Des capitaux inexploités
Le rapport identifie d’importantes sources de financement
sous-exploitées dans toute la région (transferts de fonds de la diaspora et des
investisseurs institutionnels, marchés des capitaux et richesse issue des
ressources naturelles) même si leur potentiel varie considérablement d’un pays
à l’autre.
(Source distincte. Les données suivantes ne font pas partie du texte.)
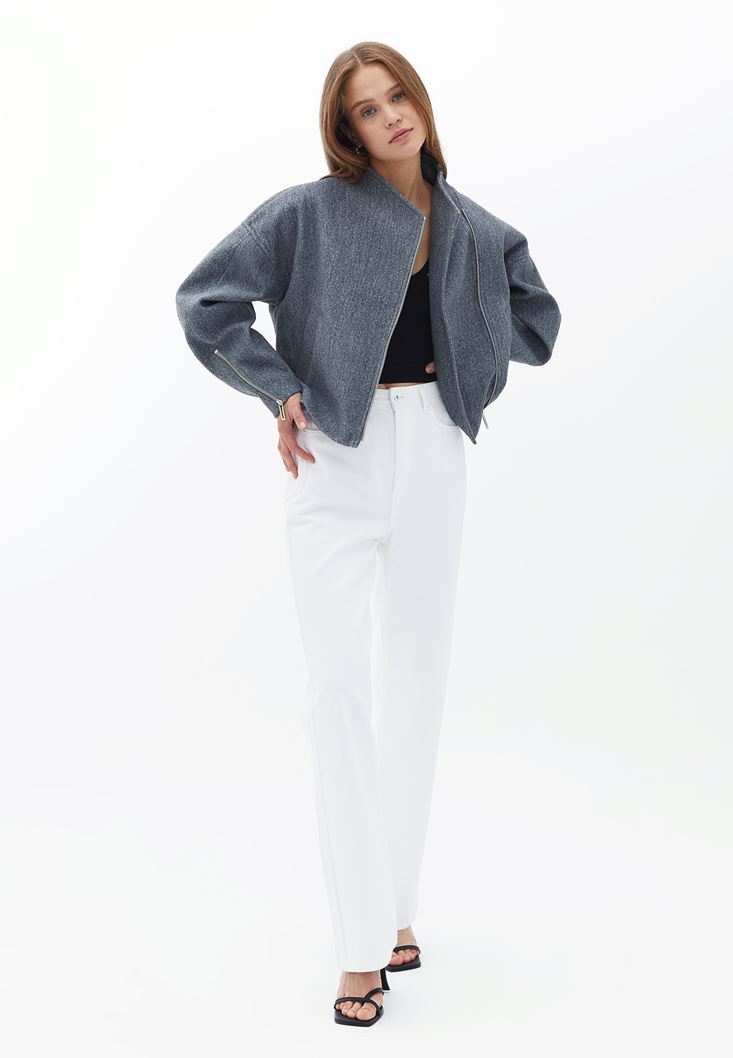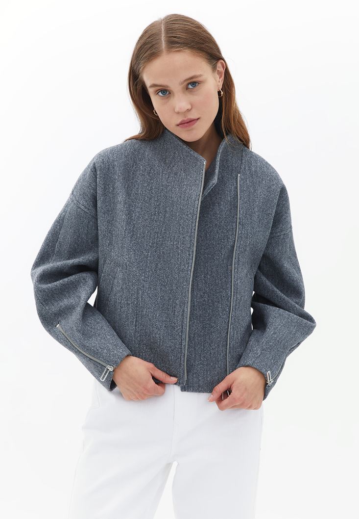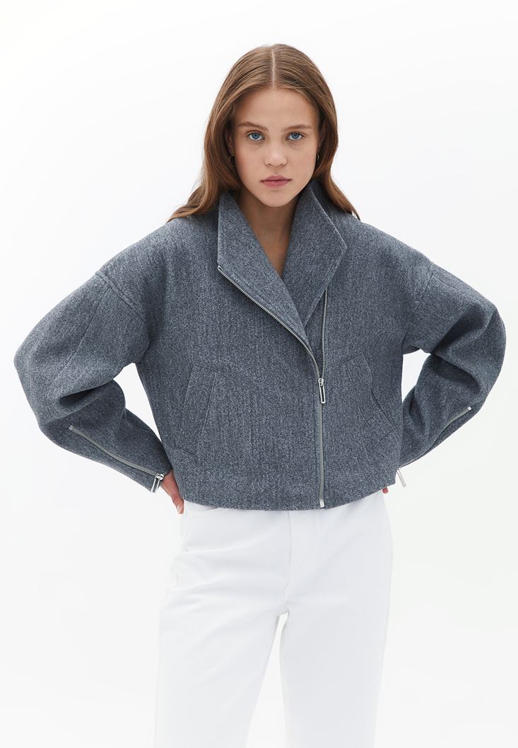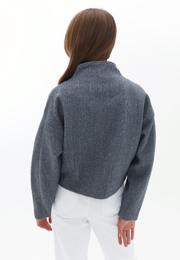 • Bayan Gri Yumuşak Dokulu Crop Ceket

Les transferts de fonds jouent un rôle prépondérant au Lesotho et au
Zimbabwe, tandis que la Namibie et l’Afrique du Sud bénéficient de marchés de
capitaux plus développés et d’actifs de pension substantiels, ce qui laisse
entrevoir un potentiel inexploité pour une participation accrue des
investisseurs institutionnels.
Pour combler ce déficit de financement, le rapport
recommande un programme intégré de politiques : renforcer les capacités
budgétaires et la gestion des finances publiques ; endiguer les fuites de
ressources et les flux financiers illicites ; dérisquer les investissements
grâce à des instruments ciblés et à un recours accru au financement mixte ; et
mobiliser les capitaux institutionnels, notamment les fonds de pension, les
compagnies d’assurance et les fonds souverains, par le biais de partenariats public-privé.
Le rapport préconise également de tirer parti des technologies numériques pour
formaliser l’activité économique, élargir l’assiette fiscale et renforcer le
contrat social budgétaire.
Le rapport soutient que l’Afrique australe doit aller
au-delà des modèles financiers centrés sur les banques pour construire des
marchés de capitaux plus profonds et mieux intégrés, capables de canaliser les
actifs à long terme provenant des fonds de retraite et d’assurance.